2.4.5 Variable Access

Every identifier except null, true and false which is not bound to a function name is available to be bound as a variable name. Such identifier would evaluate to a value of the variable.

Variable definition and scoping will be further discussed in section Tags.

Referencing an undefined variable will result in a compile-time error (name error).

2.4.6 Filter Expressions

Filter expressions are a syntactic sugar for chaining method calls.

Filter expressions consist of a linear chain of function calls where n-th function’s return value is passed to n+1-th function’s unnamed parameter. Named parameters may be specified without parentheses within a corresponding chain element.

All functions used in a filter expression should accept an unnamed parameter. If this is not the case, a compile-time error (argument error) is raised. Semantics of mandatory and optional named parameters are the same as for regular function calls.

In essence, e | f a: 1 | g is equivalent to g(f(e() a: 1)).

2.5 Blocks

A block is a chunk of plaintext with tags and interpolations embedded into it. Every Liquor program has at least one block: the toplevel one.

A block consisting only of plaintext would return its literal value upon execution.
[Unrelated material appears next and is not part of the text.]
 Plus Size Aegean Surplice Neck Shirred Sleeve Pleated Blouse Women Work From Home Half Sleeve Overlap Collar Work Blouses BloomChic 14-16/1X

Thus, the famous Hello World program would be as follows:

Hello World!

This program would evaluate to a string Hello World!.
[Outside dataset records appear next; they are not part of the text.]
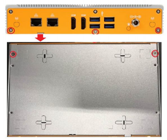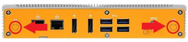 Attach the antenna cables to the WiFi card. OnLogic standard is to connect the leftmost antenna cable to Main, the and the rightmost to AUX – with the rear of the system facing you right side up.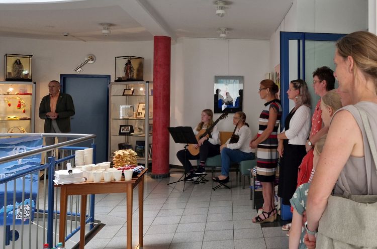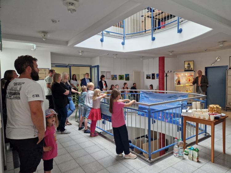 Seit dem 25. Juni 2025 sehen Sie hier Malereien, Drucke und Collagen aus kreativen Projekten des Kultur- und Kunstvereins mit Kindern unserer Stadt. Ganz viele kleine Künstler aus zwei Warener Kindergärten präsentieren ihre fröhlichen Werke im Treppenaufgang. Ebenfalls eingebunden sind Arbeiten aus früheren Projekten: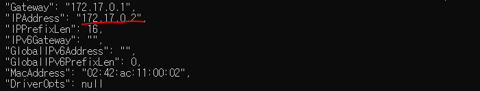 위 명령어로 container의 IP 주소를 볼 수 있습니다.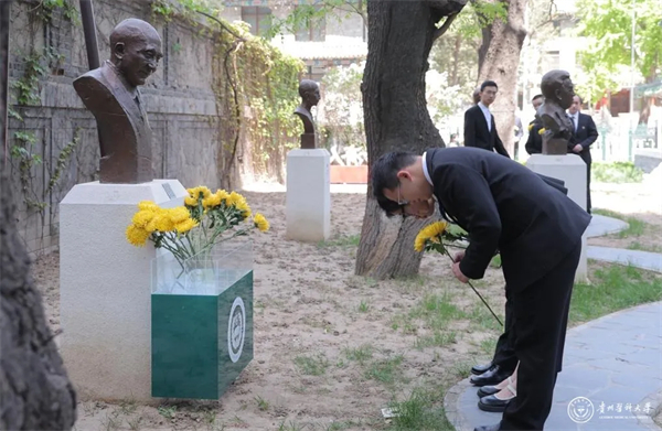 启动仪式结束后,两校领导与2020级“协和班”全体同学步入西庭仰径,共同瞻仰了两校共同的校长——李宗恩先生的雕像,并向其敬献鲜花,以表追思。
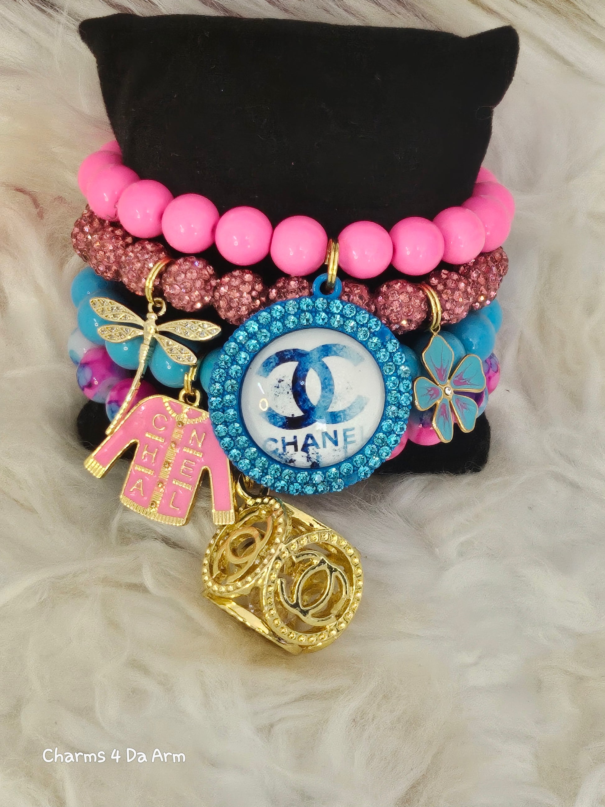 4 piece bracelet set with 5 charms. Chanel inspired. Fits 7 1/2 size wrist. Moderate stretch.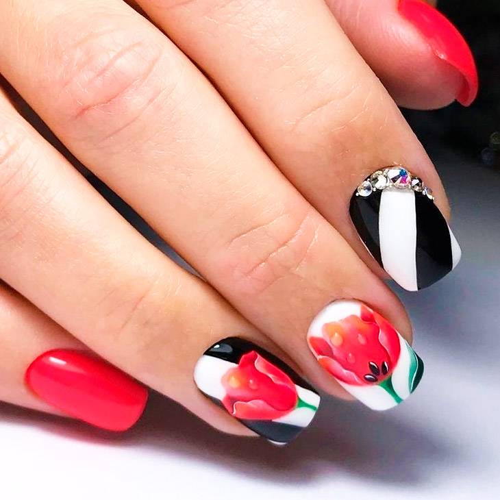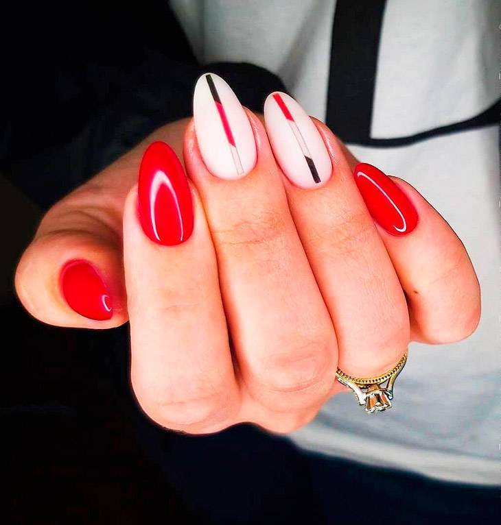 Маникюр с красным цветом необязательно должен быть монохромным. Идеи применения яркого лака разнообразны: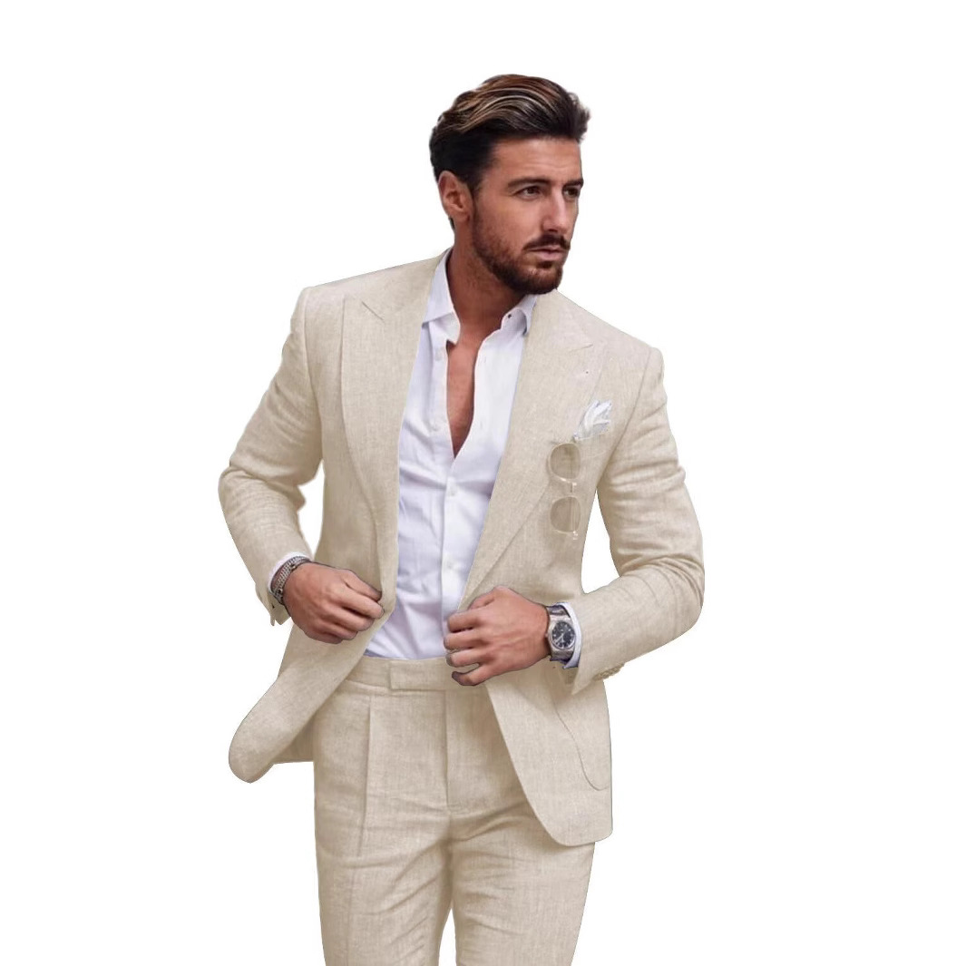 クロスボーダーホスティングリネンスーツ2点セット1ボタンラペルカラーカジュアル貿易新郎結婚式スーツスーツ男性用

A block can have other elements embedded into it. When such a block is executed, these elements are executed in lexical order and are replaced with the value returned by the element.

2.6 Interpolations

An interpolation is a syntactic construct of form {{ expr }} which can be embedded in a block. The expression expr should evaluate to a value of type String or Null; an implicit conversion might take place. If this is not the case, a runtime error condition (type error) is signaled.

If expr evaluates to a String, the interpolation returns it. Otherwise, the interpolation returns an empty string.
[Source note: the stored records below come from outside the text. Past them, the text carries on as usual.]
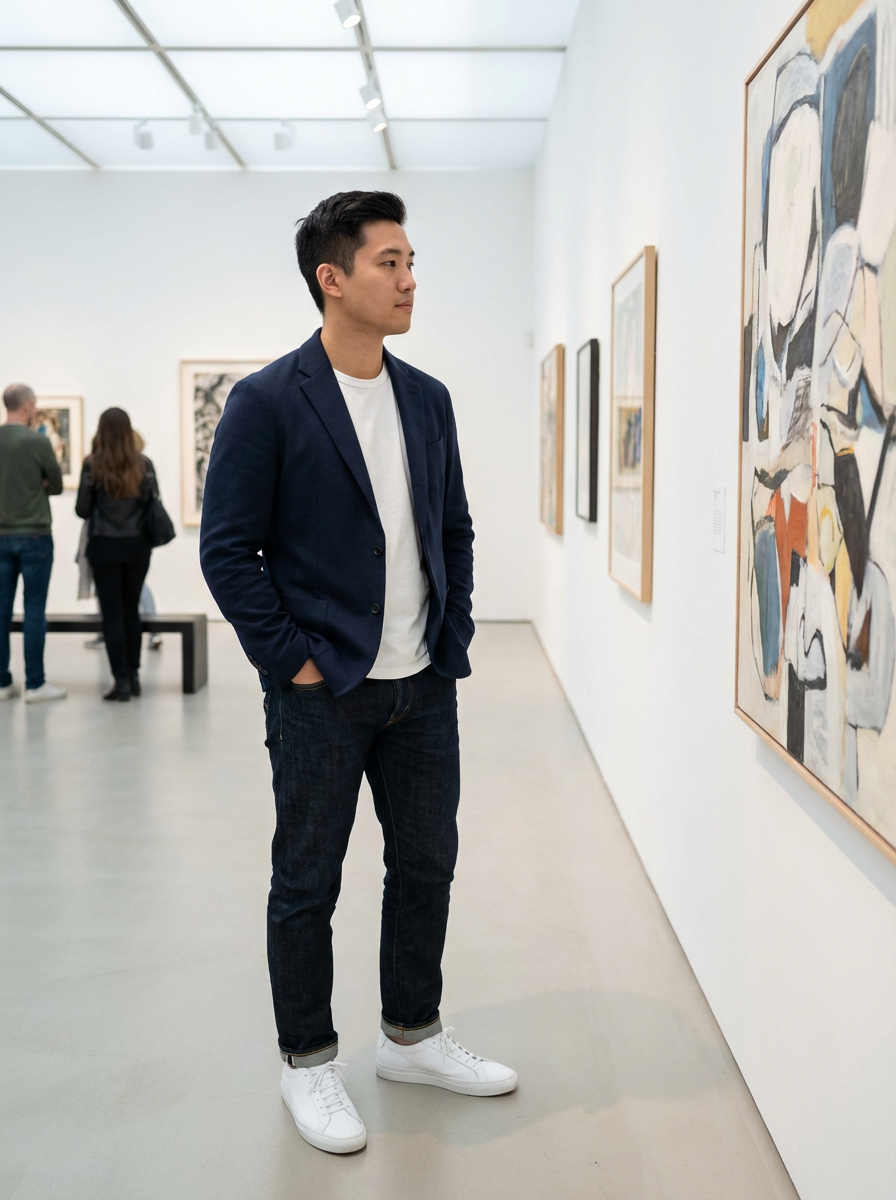 else{model for museum date look, blazer, nice t-shirt, clean sneakers, art gallery background}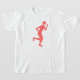 100% cotton so perfect for summer, It is a nicely designed t-shirt, the fabric is soft and the seams finished well, the body of the t shirt has no side seams. I bought a medium size for my two grandsons, aged 9 and 8 it will be slightly big on them but I would rather that than too small
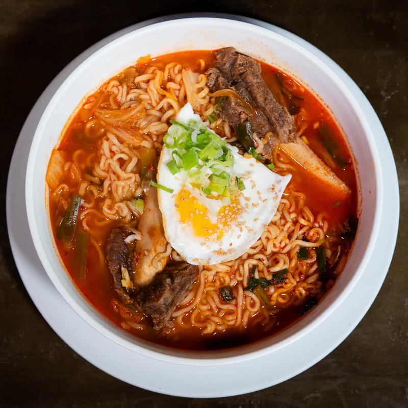 Spicy | Kimchi, pork, and tofu in a spicy broth.
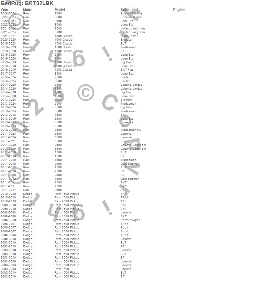 Below is an abbreviated list of applications for the BedRug Complete Truck Bed Liner.1500, 1500 Classic, 2500, 3500, Ram 1500, Ram 2500, Ram 3500, Dodge, Ram, 2024, 2023, 2022, 2021, 2020, 2019, 2018, 2017, 2016, 2015, 2014

An example of using an interpolation would be:

The sum of two and three is: {{ 2 + 3 }}

This program would evaluate to a string The sum of two and three is: 5.

2.7 Tags

A tag is a syntactic construct of form {% tag expr kw: arg do: %} ... {% end tag %}. A tag has a syntax similar to a function call, but it can receive blocks of code as argument values and lazily evaluate passed expressions and blocks of code.

Tags have full control upon parameter evaluation. Tags can require arguments to be of a certain lexical form, e.g. a for tag could require its unnamed formal parameter to be a lexical identifier.

To pass a block of code to a tag, the closing tag delimiter should immediately follow a parameter name. Everything from the closing tag delimiter to the matching opening tag delimiter should be parsed as a block and passed as a value of the corresponding parameter. After the matching opening tag delimiter, the parameter list is continued.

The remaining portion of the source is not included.